Harry Bates’ patent for the 3-wheel control mechanism for the Steel Mule. The small wheel operated the clutch while the largest shifted the transmission gears. The wheel in the middle was for steering, a pretty complicated arrangement.

I was re-reading a two-part story about Bates Steel Mule tractors in a now-defunct British magazine I used to take called Old Tractor. The article was written by my friend, Peter J. Longfoot, an expert on both crawler tractors and the steam plowing rigs that were so popular in Great Britain. He raised an interesting question in the piece that I’ll get to later.

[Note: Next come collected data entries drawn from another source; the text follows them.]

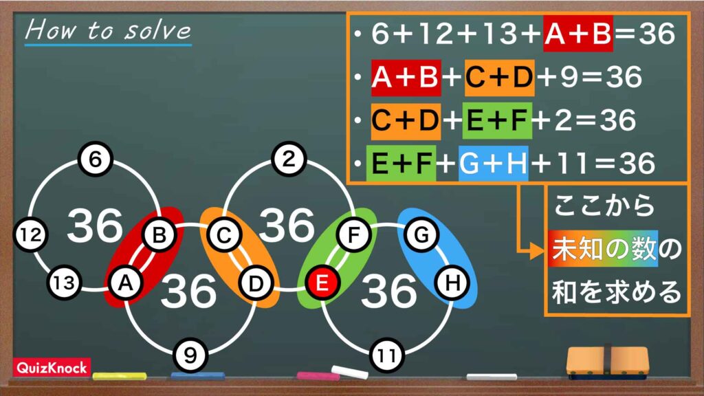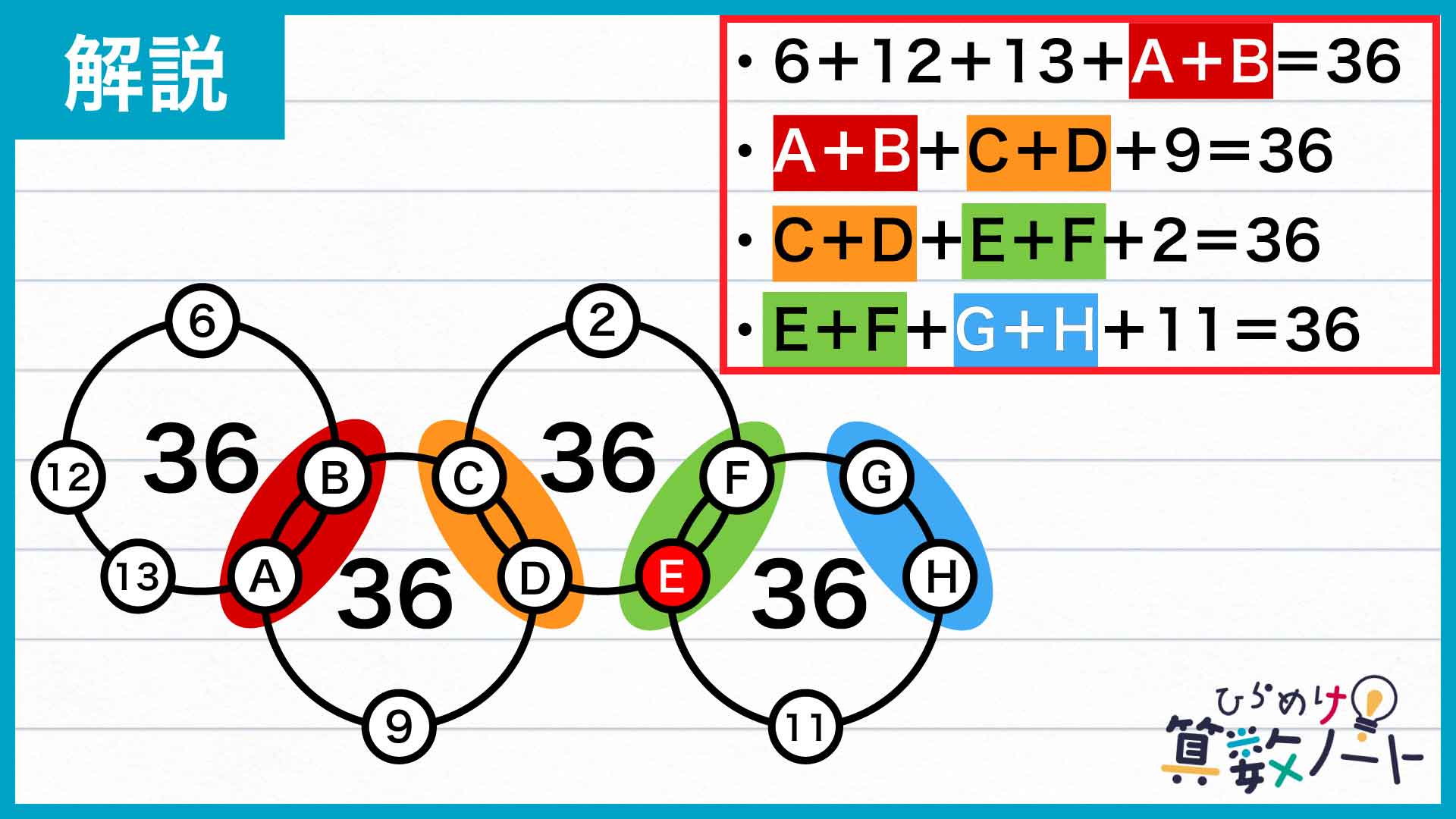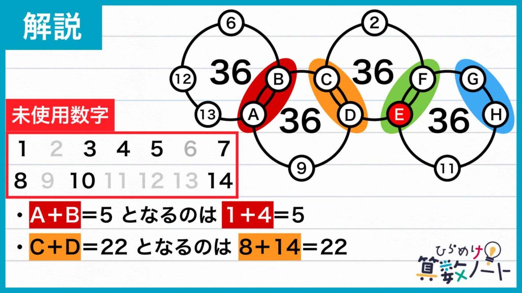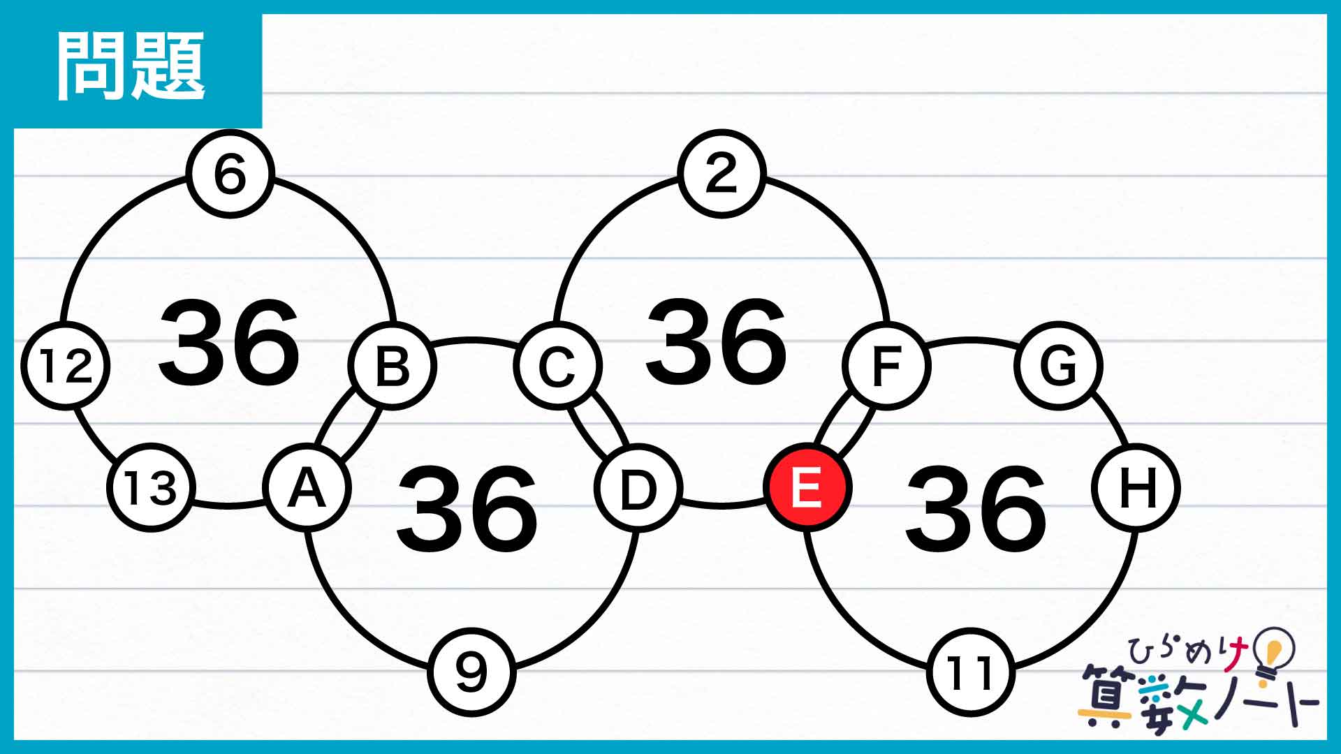 それでは解説です。この問題のポイントは、各円の数字の合計が36になることを使って、未知の数の組み合わせを絞り込むことです。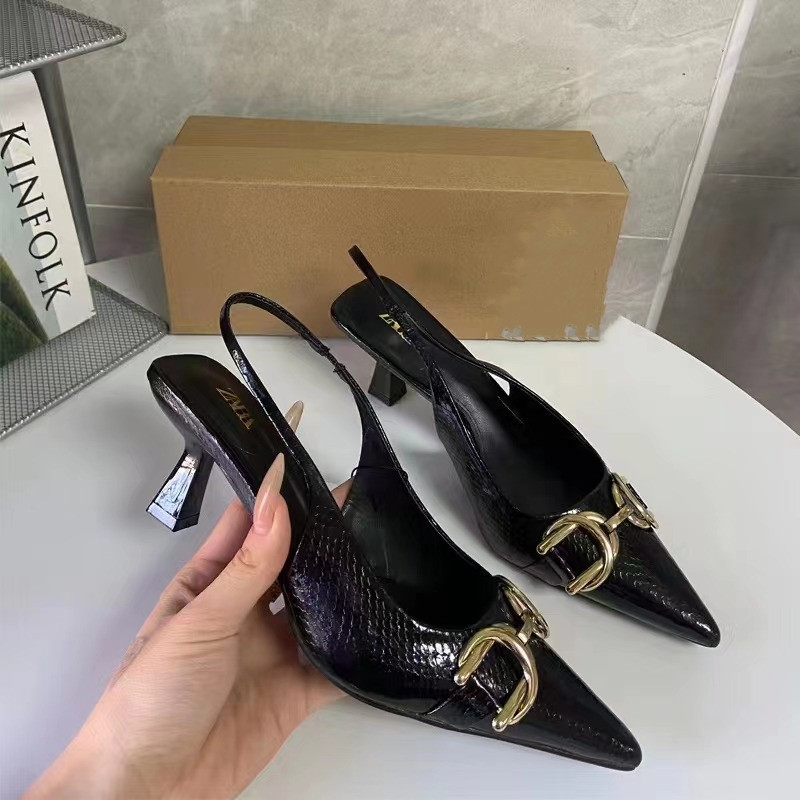 Be the first to review “TRAF Women Summer Black Pumps 2024 Golden Decorative Details Pointed High Heels Shallow Thin Heel Woman Shoes Slingback Sandals” Cancel reply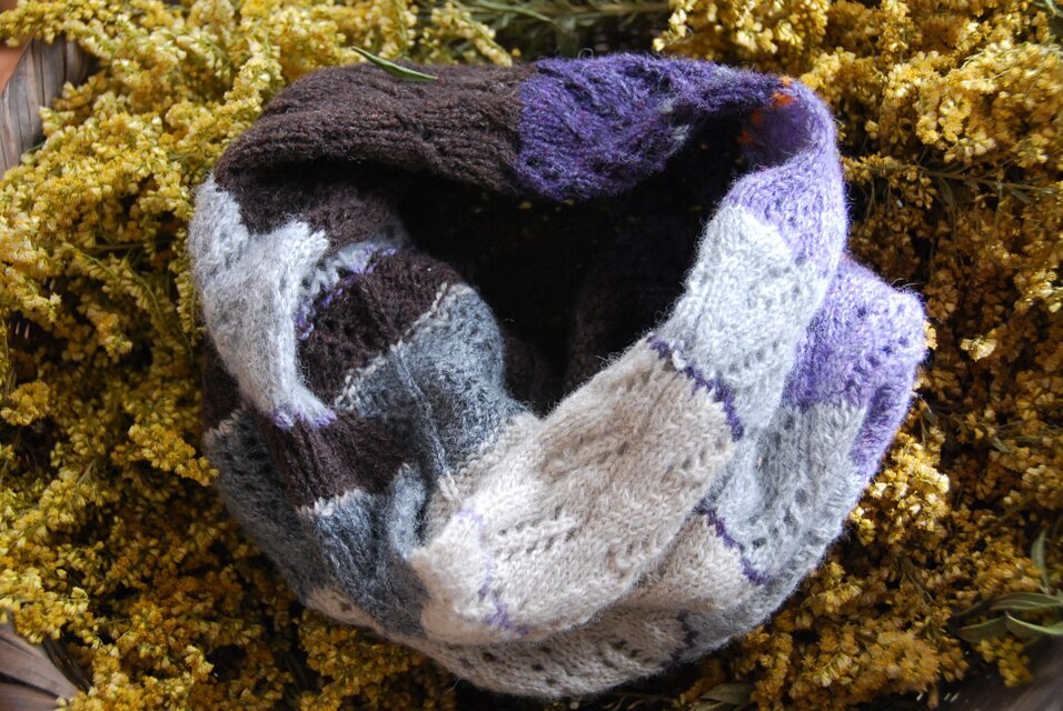 スコットランド製ウール糸で編むネックウォーマーです。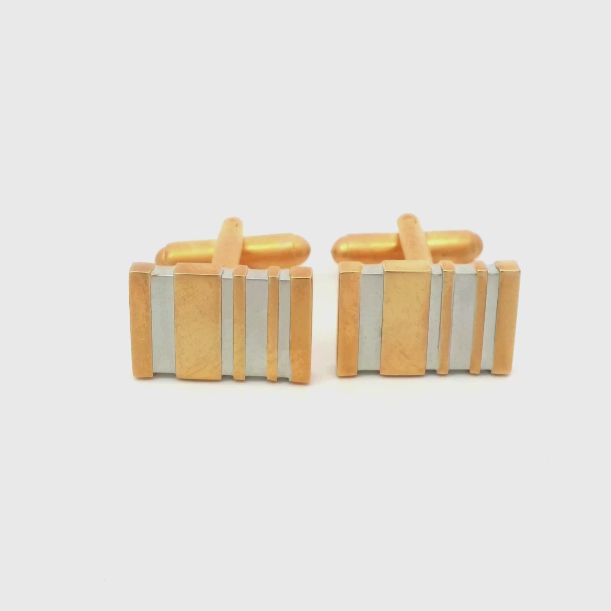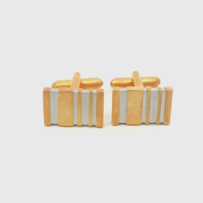 Introducing our Five Bar Matt Gold Cufflinks, these cufflinks feature a rectangular design with alternating gold and silver-toned horizontal stripes. The gold sections have a warm, lustrous finish, while the silver sections provide a contrasting cool tone.
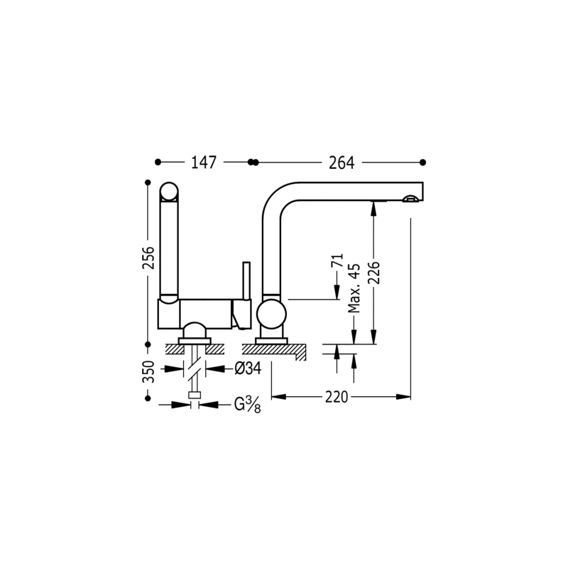 · Referencia 030335AC. · Acabado acero. · Medidas 256 x 264 mm. · Con latiguillos de alimentación flexible G3/8. · Caño abatible para cocina. · Ángulo de giro del caño 360 grados. · Cold-tres. · Ahorro energético. · El grifo siempre se abre con agua fría, evitando el encendido innecesario del calentador. · Tres-duo. · Ahorro de agua. · Dos posiciones de apertura de la maneta. · En posición intermedia se consume la mitad. No disponible- Sustituto M388098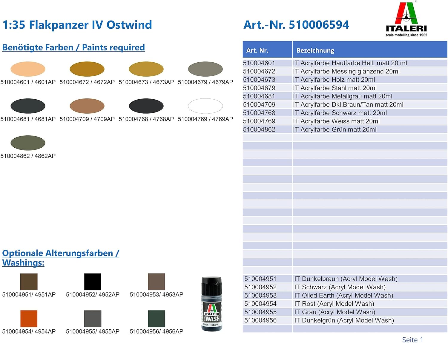 Kit modello dettagliato in scala 1:35. Il kit di alta qualità di Italeri deve essere assemblato da solo. Il montaggio indipendente è accompagnato da istruzioni di montaggio passo passo o illustrate. Le istruzioni di montaggio sono ovviamente incluse nella fornitura. Le singole parti che si adattano perfettamente devono essere assemblate in base alle istruzioni di montaggio. Le parti possono essere verniciate secondo le proprie idee. Attrezzi, colla e vernici non sono compresi nel kit in plastica. Questi devono essere acquistati facoltativamente.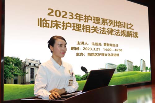 3月31日,山东第一医科大学附属省立医院(山东省立医院)两院区护理文化促进组举办“临床护理相关法律法规解读”培训。培训主会场在中心院区妇儿楼六楼,东院区诚和楼四楼会议室同步直播。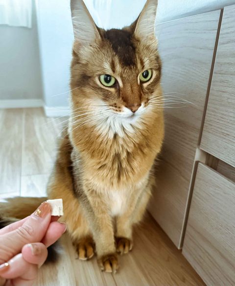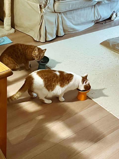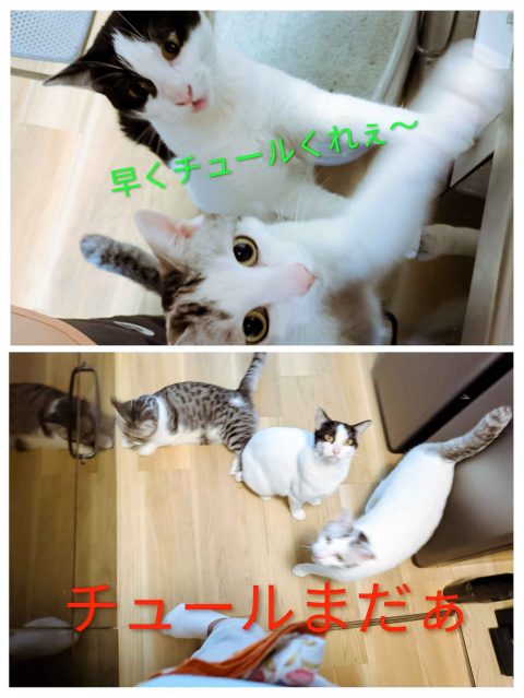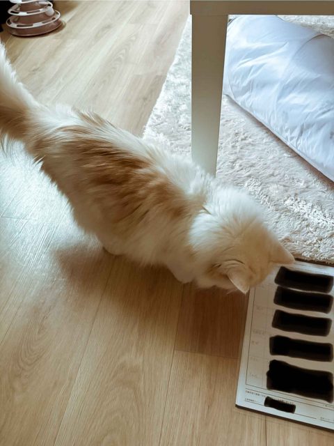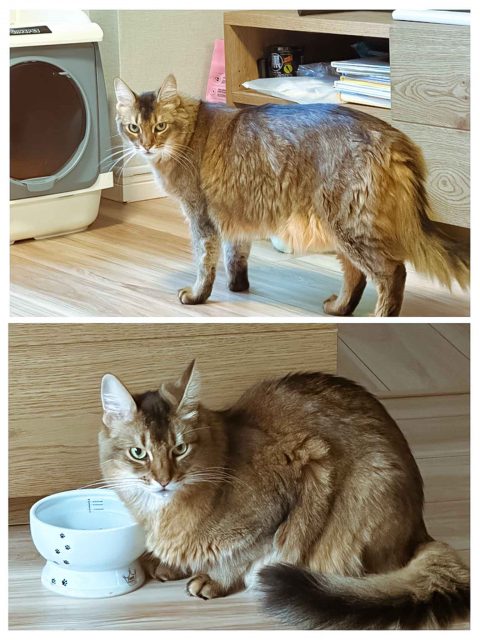 見ている前ではなかなか食べず、「今はそういう気分じゃないにゃ」とそっぽを向かれてしまいます。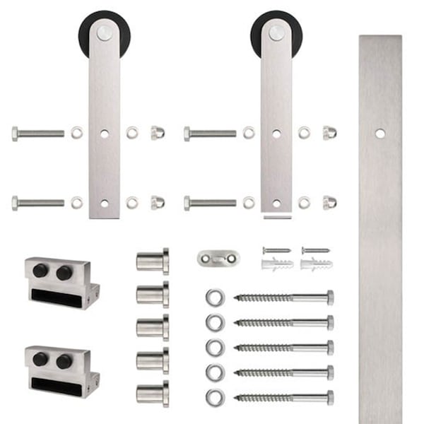 The Stainless Glide Stainless Steel Sliding Door Hardware gives an elegant look without the expensive price tag. Made of the industrial standard 304 stainless, these kits come ready to quickly install. Our top mount hardware (for wood doors only), available in three styles, is strong enough to hold up to a 250 lbs. door. Our door strap hardware with three styles available, come ready to mount to a wood or glass door. With easy-to-follow installation instructions any one can mount these kits and quickly add class to any room.
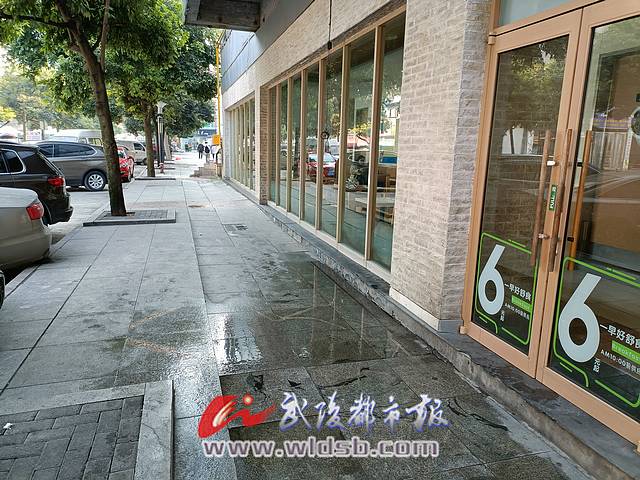 記者在現場看到,該人行道上長約5米的一段路地面濕漉漉的,仰頭一看是二樓的一處水管正不斷的滲漏,滴下的水滴在地面濺起片片水花,過往的行人紛紛繞路而行。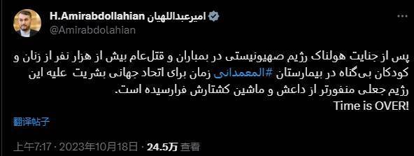 阿卜杜拉希扬写道:“在犹太复国主义政权实施可怕罪行,轰炸和屠杀医院里的一千多名无辜妇孺之后,全球人类现在是时候团结起来,反对这个比伊斯兰国及其杀戮机器更令人憎恨的假政权了。”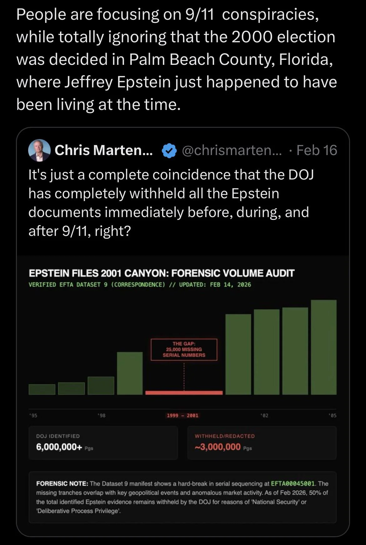 >GGM: Everything North American journalists know about drug trafficking in Colombia, which is a lot, they know because Colombian journalists have investigated it, have uncovered it and many of them have sacrificed their lives for those publications. However, we don’t know anything about how drug trafficking is in the U.S. because North American journalists do as if it doesn’t exist. If in the U.S. 30 million drug addicts are supplied with drugs daily without incident, without any problem, as if it were delivering milk, bread, the newspapers—if they can get supplied without incident, it means there are Mafias which are much more powerful than in Colombia and a much more significant corruption of the authorities than in Colombia. The problem is humankind has lost control of the problem of drug trafficking and drugs. It doesn’t mean we’re going to become discouraged and we’re not going to continue fighting, but we’re not going to make the assumption that the drug problem can be solved with glyphosate fumigations and with Congress certifications when it’s a problem the whole world suffers from and cannot resolve. It’s like the medieval plagues which were over when they were over. From there to say what I’ve been thinking since a long time ago and I’ve said the only thing that can save us from this is legalization, the decriminalization of drugs. But we have to be careful with the implications. This doesn’t mean we’re going to do it in Colombia and they’re not going to do it in Peru and they’re not going to in, no. It’s only possible when it’s a global agreement, of the whole world completely and without exceptions because when there’s one exception, it fails. And it’s very difficult to achieve because the interests committed in the immense drug business are so big and so high up which will make it very difficult to reach a global agreement.https://jorgeluiscarbajosa.com/2020/12/02/gabriel-garcia-marquez-interview-by-ana-cristina-navarro/we will know about these pedophilia investigations not because ncbc, msn, abc, the hill, fox news, etc. will investigate it, but because some global south journalist will uncover it, and he will be immolated in the process, and no one will say shit in the US.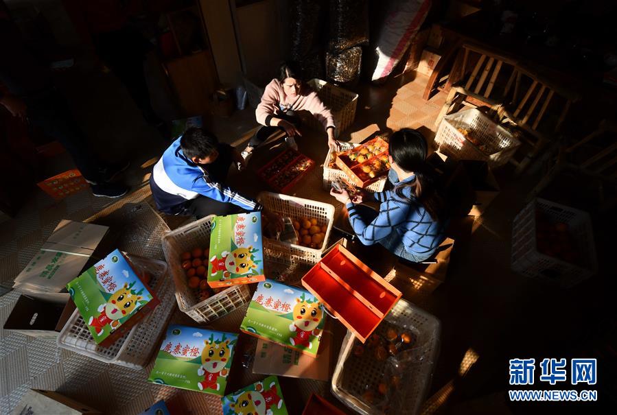 12月13日,廣西柳州市鹿寨縣一家土特產銷售公司員工在包裝蜜橙,準備通過電商銷售。新華社記者 黃孝邦 攝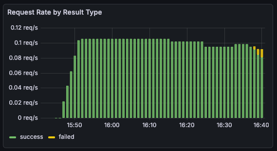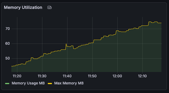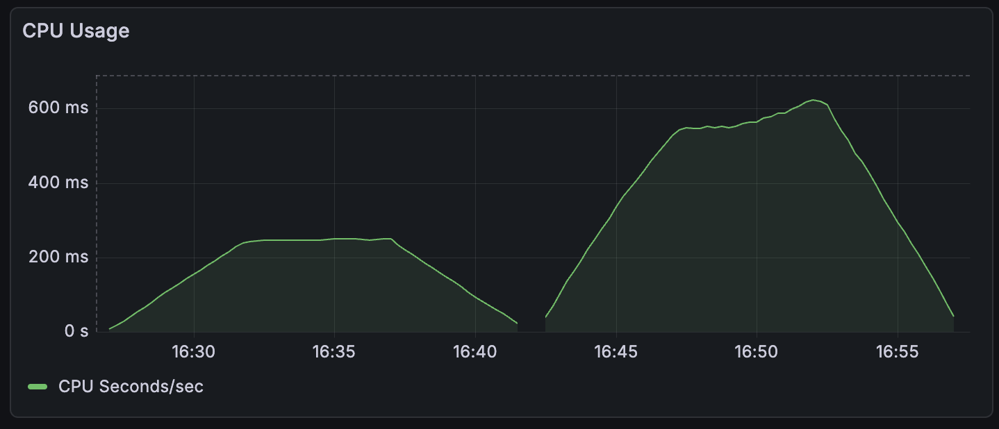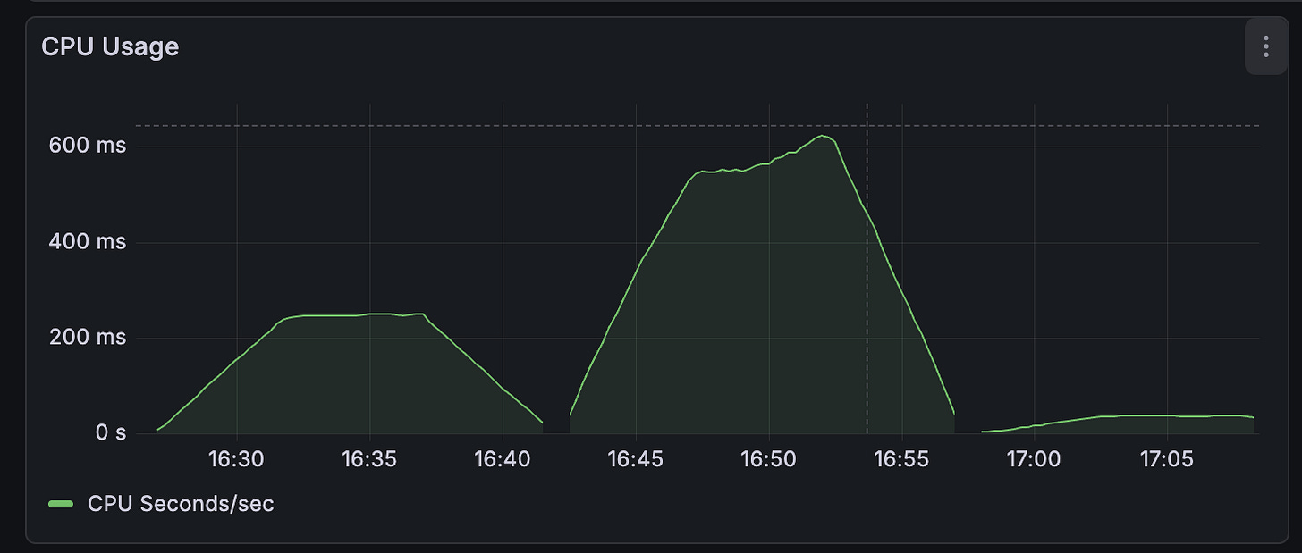 I wanted to run the server and fire off many requests over a long-ish period of time. This wasn’t going to be a hefty load test, more of a soak test with a low but steady flow of traffic. So running locally with Docker Compose would be fine. I needed to keep an eye on request duration and resource utilization, so added Grafana and Prometheus to the config.

Madison F. Bates, born the son of a blacksmith in 1869, went to work at Olds Co. in Lansing, Michigan, at age 22 and learned to be a skilled machinist and draftsman. Leaving Olds after six years, he teamed up with James P. Edmonds to form Bates & Edmonds Motor Works, where they built gasoline engines, as well as about 25 Bates cars (the company motto was “Buy a Bates and keep your dates!”) between 1903 and 1905.

M.F. Bates was bitten by the tractor bug in about 1910, formed Bates Tractor Co. and introduced his first tractor the next year. Rather sleek and light for the time, the 30 hp machine weighed just 8,000 pounds and had an enclosed hood and locomotive-type cab, although steering was by cross chains to a center pivoted front axle. Bates of Lansing continued to make tractors of two, three and four plow sizes through 1919.

Roots in barbed wire

Meanwhile, down in Joliet, Illinois, an entirely different Bates family had been busy for several decades making wire fencing and other products. Although historical information about the brothers and the company is scarce, here is the story so far as I can determine.

Brothers Albert J. and William O. Bates (both born in Canada in the 1860s but brought to Missouri when very young) were trained as machinists and ended up in Joliet. In 1885, they established a machine shop there as Bates Brothers. Barbed wire was coming into widespread use, but it was difficult to manufacture and A.J. Bates invented machines to make the process easier. A.J. seems to have left the partnership in about 1888 (or maybe later) and it was reorganized as Bates Machine Co. under the leadership of W.O. Bates, who built wire and nail-making machines as well as Corliss steam engines and Cookson feed water heaters and purifiers.